Below are some records; output exactly the lines from the line with "Ófelsége II. Károly király" to the line with "Ezután Mitita Constantinescu", both ends kept, and nothing more.

*** Opening of RECORD SET ***

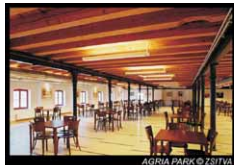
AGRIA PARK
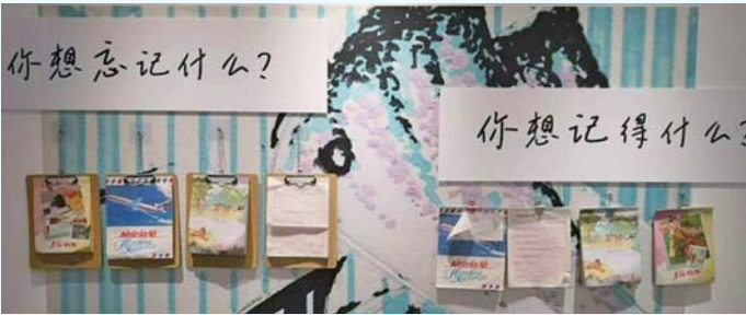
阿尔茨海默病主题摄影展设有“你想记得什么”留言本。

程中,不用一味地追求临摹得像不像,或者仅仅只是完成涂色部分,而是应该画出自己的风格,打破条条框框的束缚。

*** Close of RECORD SET ***
*** Opening of RECORD SET ***

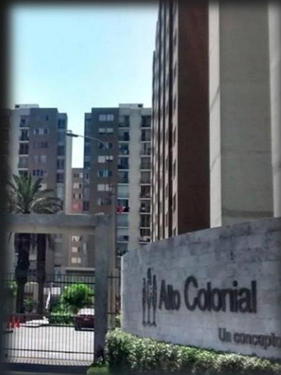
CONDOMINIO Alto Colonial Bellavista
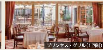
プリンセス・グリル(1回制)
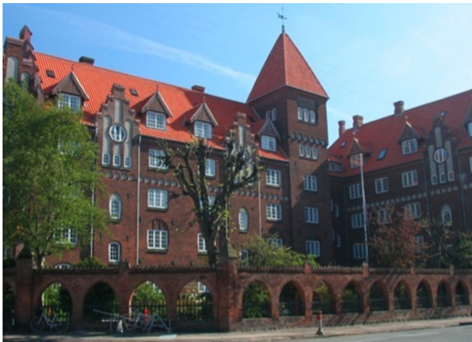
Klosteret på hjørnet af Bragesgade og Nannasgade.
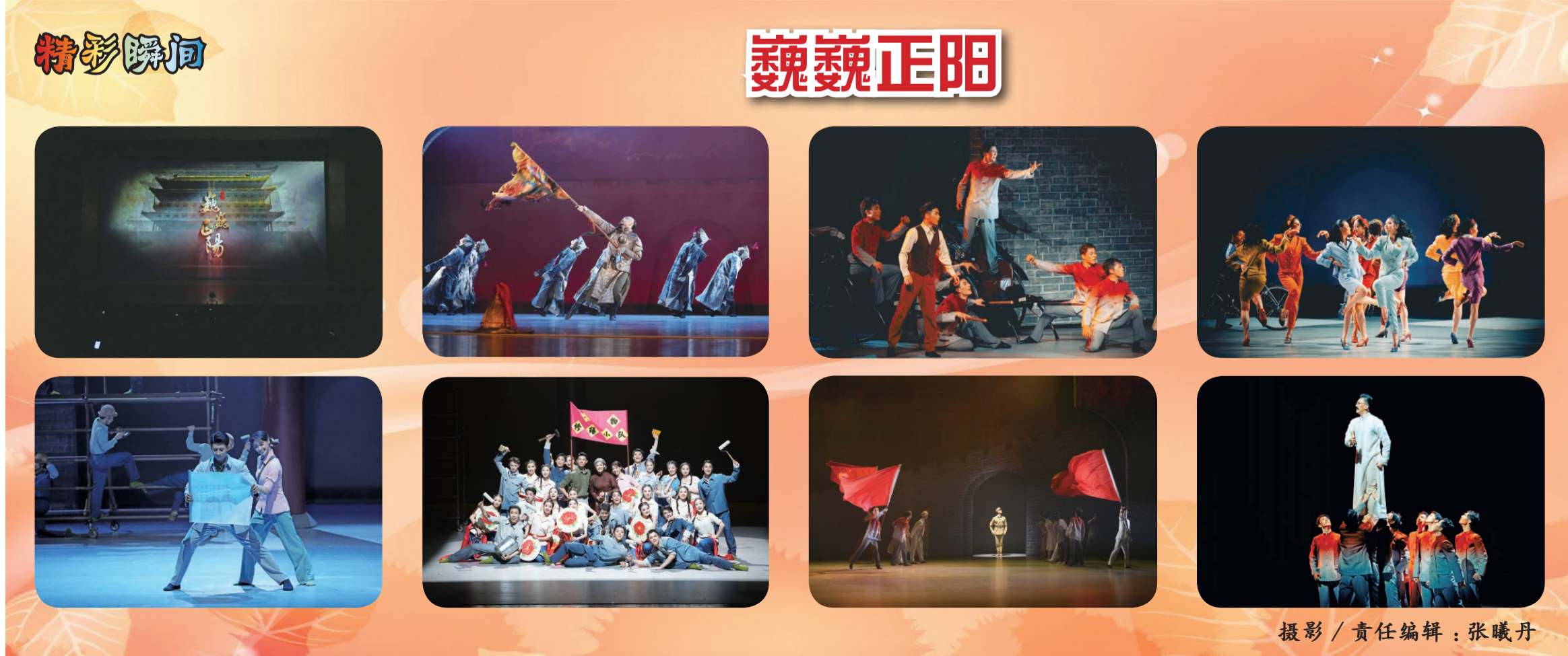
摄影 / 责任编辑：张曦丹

*** Close of RECORD SET ***
*** Opening of RECORD SET ***

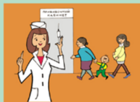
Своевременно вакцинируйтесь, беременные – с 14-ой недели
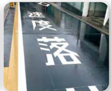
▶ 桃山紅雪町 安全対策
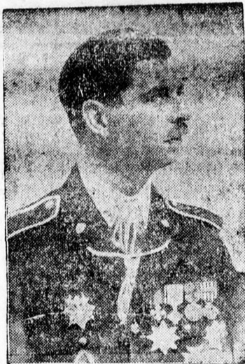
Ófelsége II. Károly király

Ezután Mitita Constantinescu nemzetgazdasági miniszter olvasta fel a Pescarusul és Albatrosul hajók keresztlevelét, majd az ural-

*** Close of RECORD SET ***

**SOLUTION FOR THIS PROBLEM**
Ófelsége II. Károly király

Ezután Mitita Constantinescu nemzetgazdasági miniszter olvasta fel a Pescarusul és Albatrosul hajók keresztlevelét, majd az ural-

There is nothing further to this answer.